My friend Lore sent me some encouragement the other day; she said, “my editor at [insert super-relevant faith blog channel] wrote me and said ‘don’t think people don’t want the lyrical stuff. They do.’” I’m not sure exactly how Lore knew I needed the encouragement to keep tapping out words, but she did. Perhaps it’s that whole “same Spirit,” thing or something. In any event, a timely word is a treasure. The Proverbs say so.

2.

I’m going to be less guarded here, speak less in parables today. Prepare yourself.

There is a great deal of infighting on the Christian-net these days. I think it’s over the top. Let me put it this way: if John Piper (the super-educated) says one thing about women’s roles in the church, and NT Wright (the super-educated) says another, and I’ve read them both, and they both make cogent arguments, and I have not a breath of the training of either of those two men, I’m left only with my persuasions. (And I do have some persuasions on the topic.) In other words, I’ll interpret their teachings through the lens of my personal reality (or my “story”) and make a decision regarding which I believe. But why take the extra step and claim some extra-enlightened stance on the topic? Why try to teach the Christian-net the “Truth,” when the truth is, I’m just as confused as the rest of the people. You know… if I’m honest.

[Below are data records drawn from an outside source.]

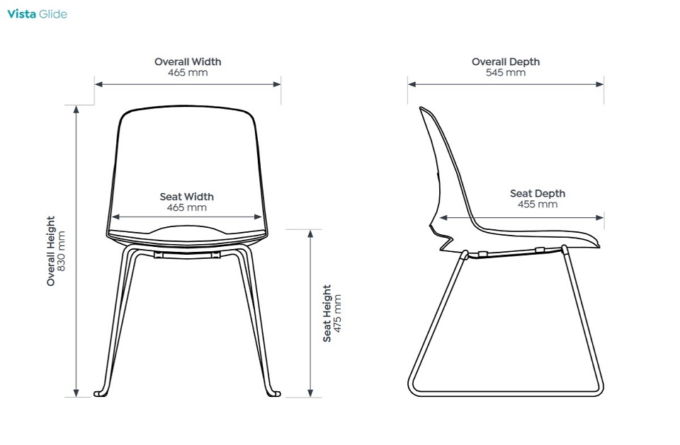 | Content | Vista Visitor Chair Seat: 465W x 455D x 475H Size: 465W x 545D x 830H
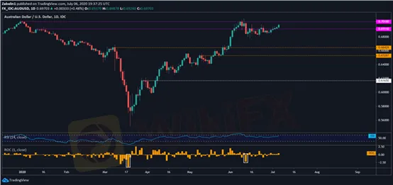 Ba chỉ số chứng khoán lớn của Mỹ đều tăng vào thứ Hai. Tâm lý rủi ro có thể tiếp tục bao trùm thị trường châu Á-Thái Bình Dương, đẩy thị trường chứng khoán châu Á-Thái Bình Dương tăng cao. Quyết định lãi suất tháng 7 sắp tới của RBA là sự kiện mang tính quyết định lớn nhất trong thị trường giao dịch châu Á-Thái Bình Dương, AUD có thể trở thành tâm điểm.
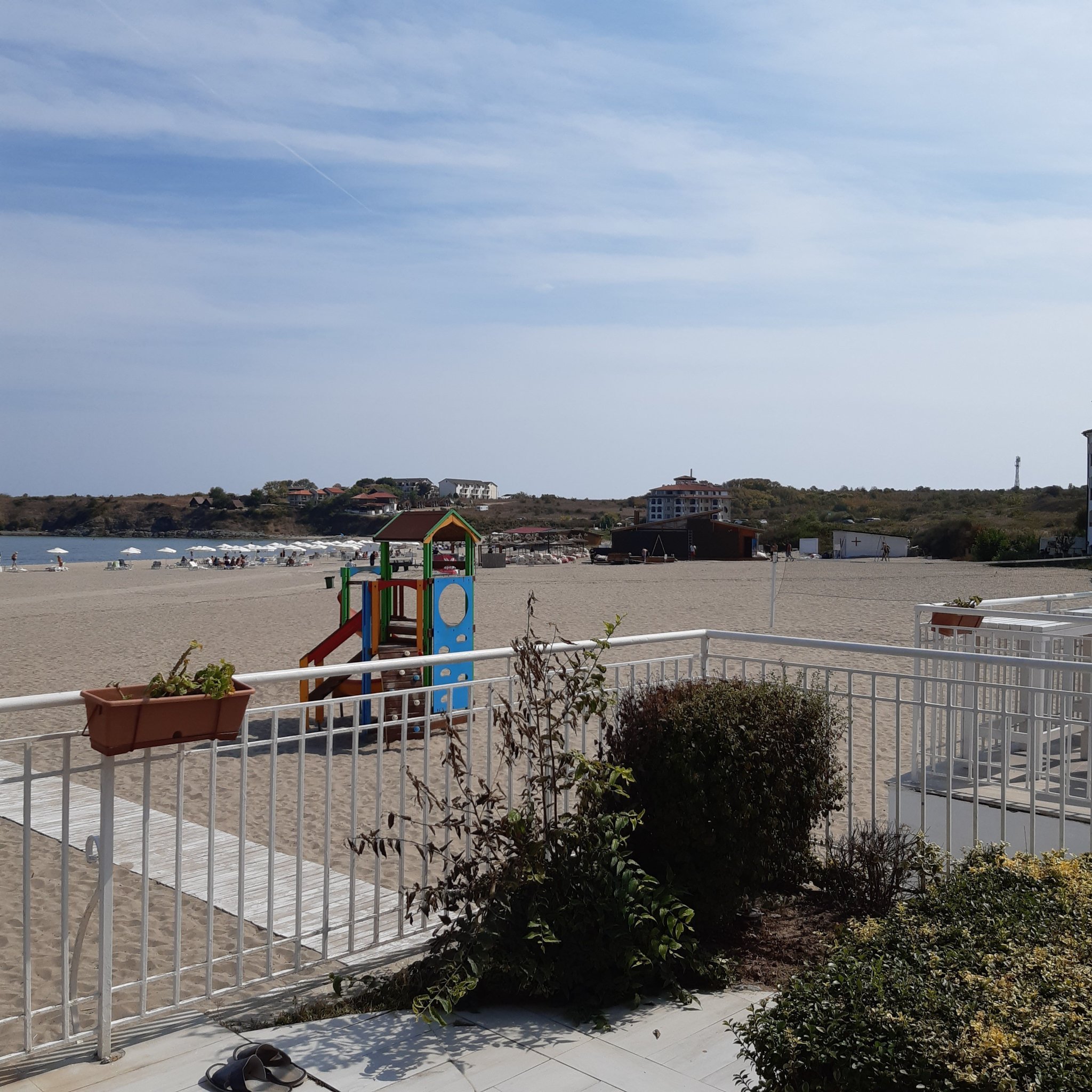 Плаж-винаги имаше шезлонги,който се подреждаха чинно ,но до там,силно мръсни и не подържани.Самия пясък също силно мръсен и неподържан.Морето-тук обаче всикчо беше ок,чисто и бистро,нямаше водорасли и други гадинки,но пък миналата година не беше така.Така че всичко е до късмет.
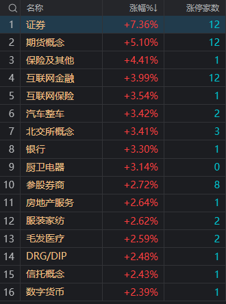 财联社7月28日电,大盘全天低开高走,三大指数均涨超1.5%,上证50指数涨近3%。盘面上,大金融股集体走强,券商股掀涨停潮,中信证券、天风证券、中国银河、太平洋等超10股涨停。消费股盘中活跃,零售股领涨,中兴商业、国芳集团涨停,贵州茅台涨超3%。房地产板块震荡走高,荣盛发展、城建发展涨停。汽车产业链个股探底回升,海马汽车、赛力斯等涨停。下跌方面,半导体板块陷入调整,Chiplet方向领跌,易天股份、甬矽电子跌超5%。总体上个股涨多跌少,两市超3500只个股上涨。沪深两市今日成交额9483亿,较上个交易日放量1683亿。板块方面,证券、保险、汽车整车、银行等板块涨幅居前,Chiplet、CPO、传媒、新型城镇化等板块跌幅居前。截至收盘,沪指涨1.84%,深成指涨1.62%,创业板指涨1.62%。北向资金全天净买入164.03亿元,其中沪股通净买入83.82亿元,深股通净买入80.21亿元。
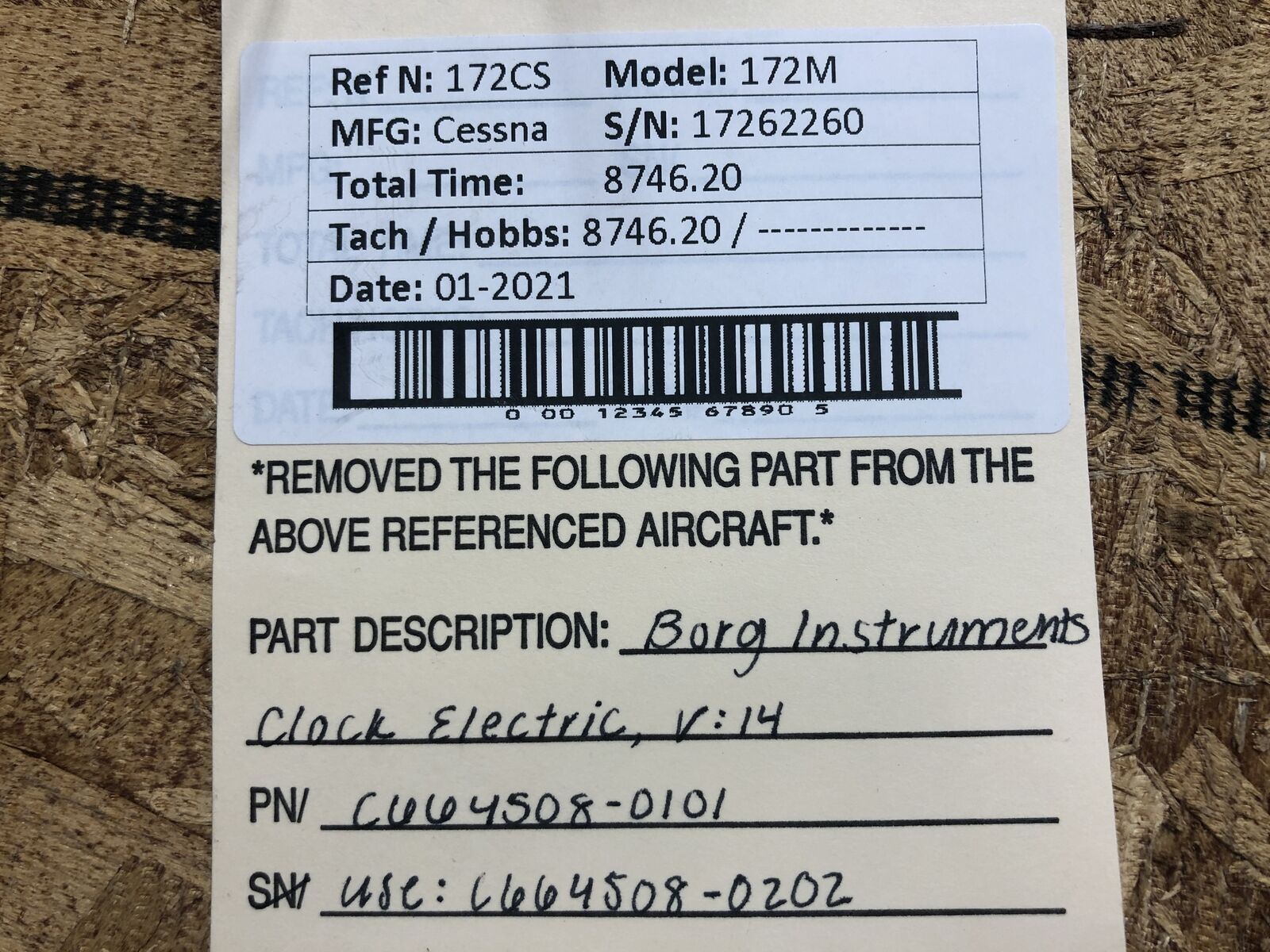 C664508-0101 (Use: C664508-0202) Cessna 172M Borg Inst Electric Clock (V: 14)
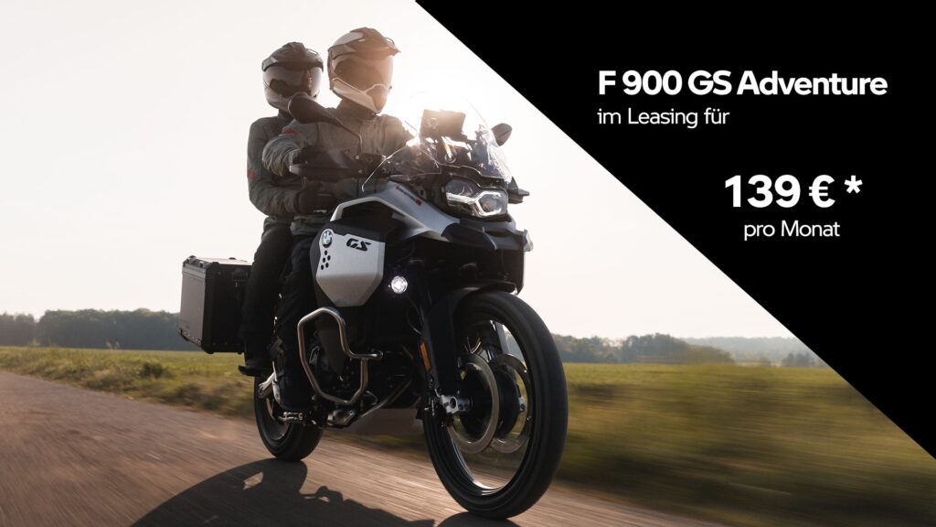 * Angebot der BMW Austria Leasing GmbH, BMW Restwertleasing für das Fahrzeug BMW F 900 GS Adventure, beinhaltet einen garantierten Restwert am Vertragsende bei vertragskonformer Nutzung. Gültig bei Kauf- und Vertragsabschluss von 01.10.2025 bis 31.12.2025, Auslieferung bis 30.04.2026. Anschaffungswert höchstens € 16.400,-, Anzahlung €3.818,-, Laufzeit 36 Monate, monatliche Leasingrate € 139,-, genaue Höhe abhängig von Sonderausstattung und Zubehör gem. individueller Konfiguration, 5.000 km p.a., Restwert € 8.519,80, Bearbeitungsgebühr € 260,-, Rechtsgeschäftsgebühr € 102,34, eff. Jahreszins 4,29%, Sollzins fix 2,99%, Gesamtbelastung € 17.704,14. Beträge inkl. NoVA und MwSt. Angebot freibleibend. Änderungen und Irrtümer vorbehalten. Angebot erhältlich bei allen teilnehmenden Händlern. Nicht kombinierbar mit anderen Leasing-Angeboten und Aktionen der BMW Austria Leasing GmbH. Für Konditionen für Gewerbetreibende stehen Ihnen die teilnehmenden BMW Partner zur Verfügung.
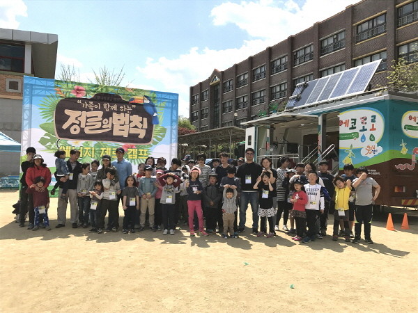 최근 경기 양평군은 양평군저탄소녹색성장위원회와 함께 양평동 초등학교에서 가족과 어린이들이 함께하는 ‘정글의 법칙 에너지 제로캠프’를 개최했다. 사진은 캠프에 참석한 어린이들과 가족들이 기념촬영을 하는 모습.(사진제공=양평군청)
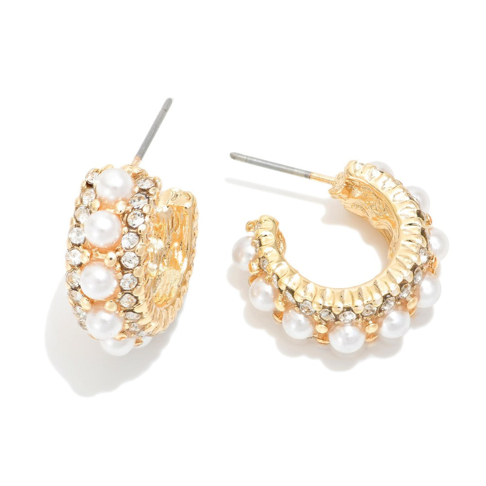 These hoop earrings, adorned with pearls and rhinestones, measure approximately 0.5 inches in diameter.
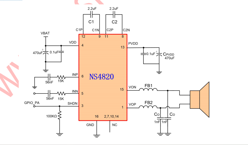 產(chǎn)品名稱:NS4820 2 級 G 類恒定輸出音頻功率放大器
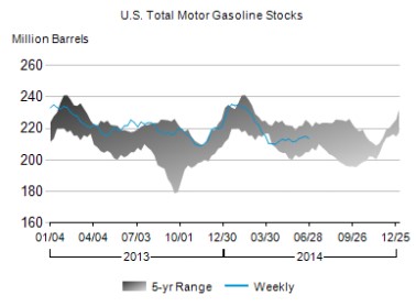 Distillates supplies, which include diesel and heating oil, increased 1.0 million barrels (0.7%) for the fifth-straight week of expansions. Distillates demand for the last four weeks is down a seasonally adjusted 8.0%. In the past year, distillates inventories have edged up 0.6%.
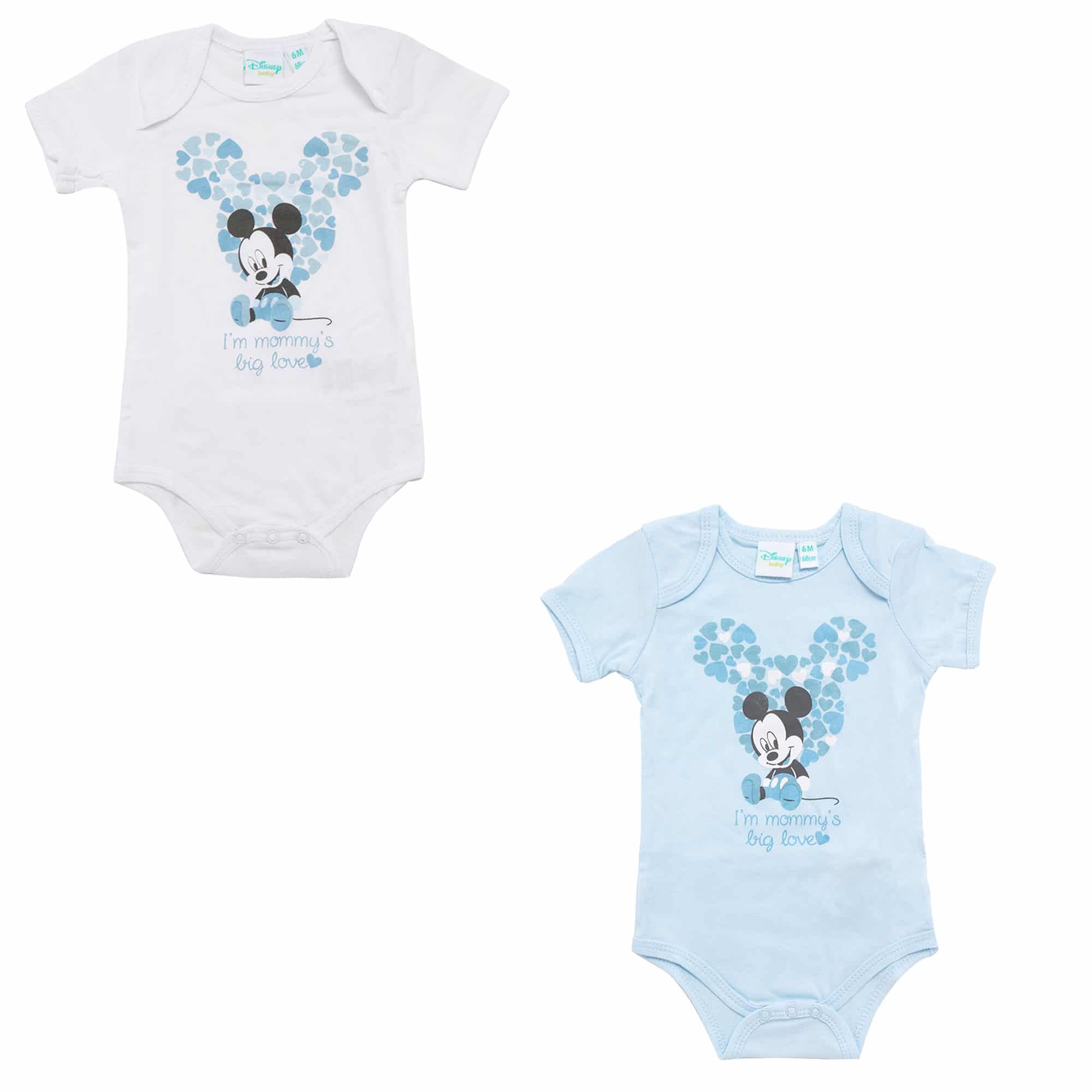 Set 2 body estivi Mickey Mouse. Chusura con bottoni disponibile nelle taglie da 1 mese a 3 mesi assortito in 2 colori bianco e azzurro.
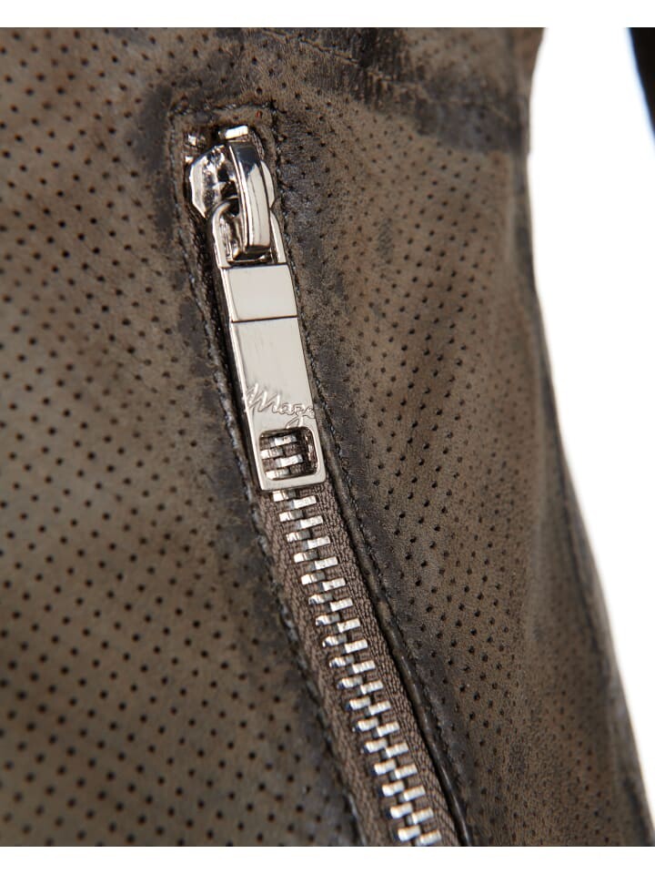 Современная женская кожаная куртка от модного бренда Maze. Куртка имеет два боковых кармана на молнии и внутренний карман. Застегивается на асимметричную молнию до короткого воротника-стойки. Удобная внутренняя подкладка дополняет эту куртку из высококачественной кожи ягненка. Красивый дизайн благодаря перфорации по всей куртке и трикотажной вставке на рукавах.
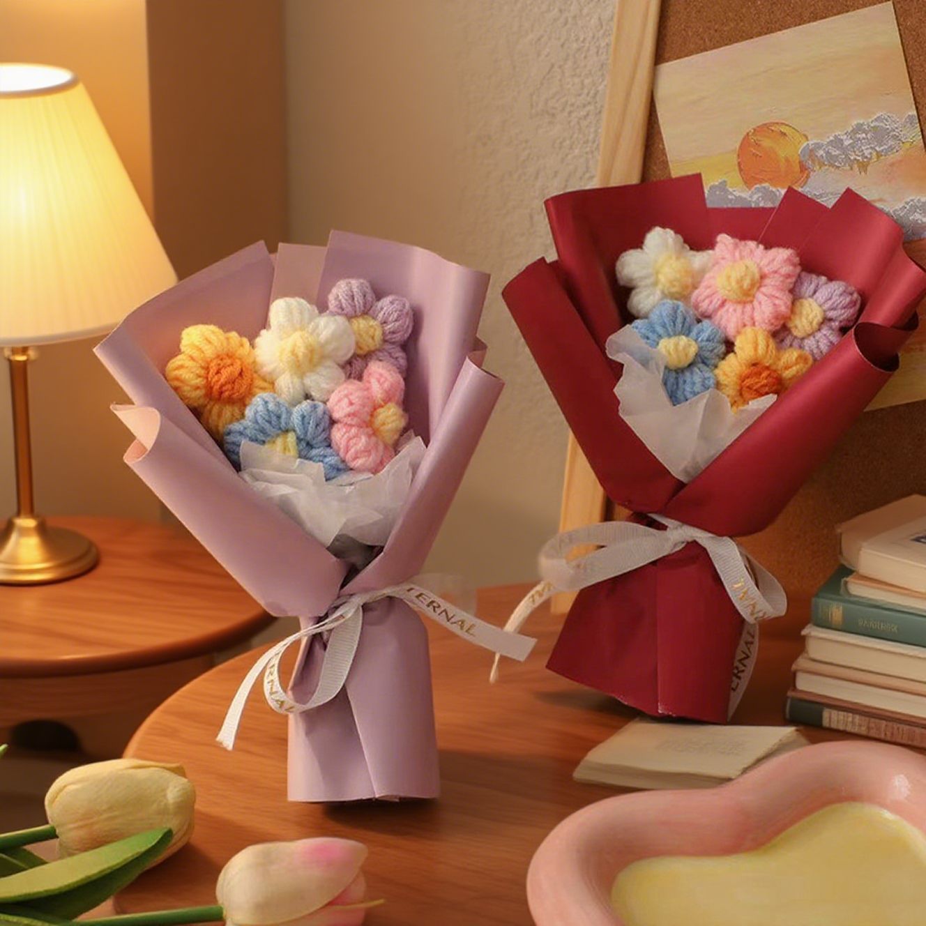 教師の日のギフトニットウールパフブーケ手編み誕生日ギフト母のための卸売不滅の花
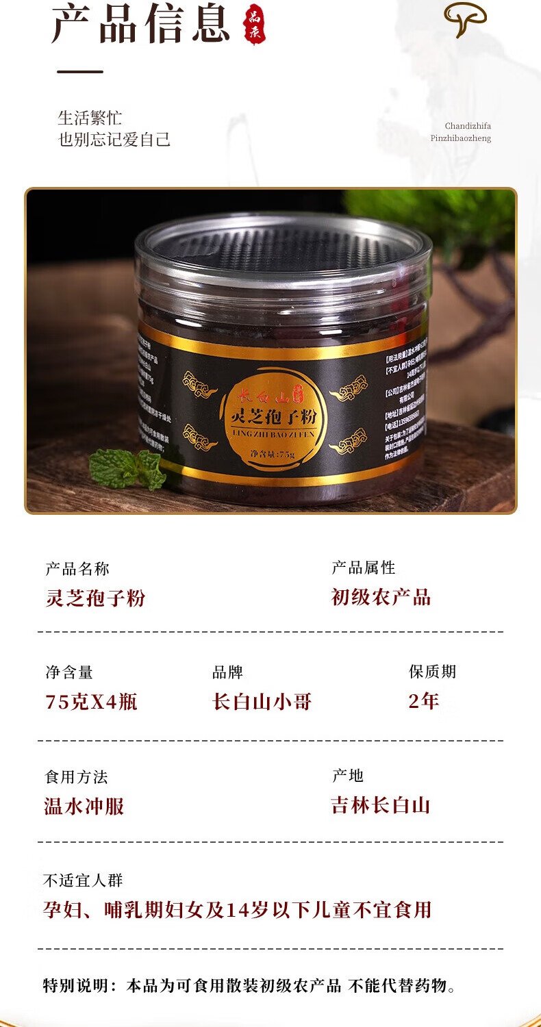 Changbai Mountain Brother Changbai Mountain specialty red Ganoderma lucidum Ganoderma spore powder is rich in spore oil 75g*4 cans gift box gift box 75g*4 cans

Honesty cuts both ways, see. It’s not just about being vulnerable about the garbage of your story, it’s about admitting what you don’t know, too.

3.

Last night, I crawled into my bed after singing a rousing rendition of Rich Mullins’ “Creed.” I closed my eyes and found anger and discord blinking behind my eyelids, the coded computer bits of the day coming back to haunt me. I recalled a particularly nasty internet debate, a video, some snarky comments, and whatever is the opposite of a whole lotta love. This was not an intentional recollection, mind you. Sometimes the brain is an entity of it’s own; it sparks where it will and you follow. But after a few minutes of riling up, I said it over and over, “I believe in God the Father, almighty maker of heaven and maker of earth.”

After a time, the sparking stopped.

4.

Mike Rusch once asked me, “what are the things that keep you up at night?”

5.

Preston says that not many should aspire to be teachers, and I wholeheartedly concur. There’s a millstone awaiting the false-teacher’s neck, after all, and millstone necklaces and oceans are a lethal combination.

Caveat magister.

I don’t aspire to teach. In fact, the thought that I’d ever return to the church in that capacity terrifies me. When I was teaching the young Churchlings back in the day, when I was brandishing the title “youth minister” like a sword, I never appropriately apprised myself of the risks. Sometimes the knicker-knack of the steel comes back to cut you.

I pray, dear Lord, that you’ve already tossed my waiting millstone into the ocean. Sans Seth, of course. Lord, have mercy.

6.

My friend Lore sent me some encouragement the other day. I’m not sure how she knew I needed it. Maybe it was because I’ve been writing about borders and cardinals. Maybe it’s because I’ve been speaking in poems. Maybe it’s because I’ve trended lyric lately.

I’m finding God more and more in the less and less obvious. I’m finding he doesn’t call me to have a voice on every issue du jour. I’m finding that there is peace in forgiveness, and tolerance. I’m finding God in the quiet places. In scripture, yes. In nature, yes. In the recitation of the creed, yes.

Maybe it’s the simplicity that’s speaking to me lately. Maybe it’s the lyric. Maybe I’m just tired of the fighting. I’m not sure.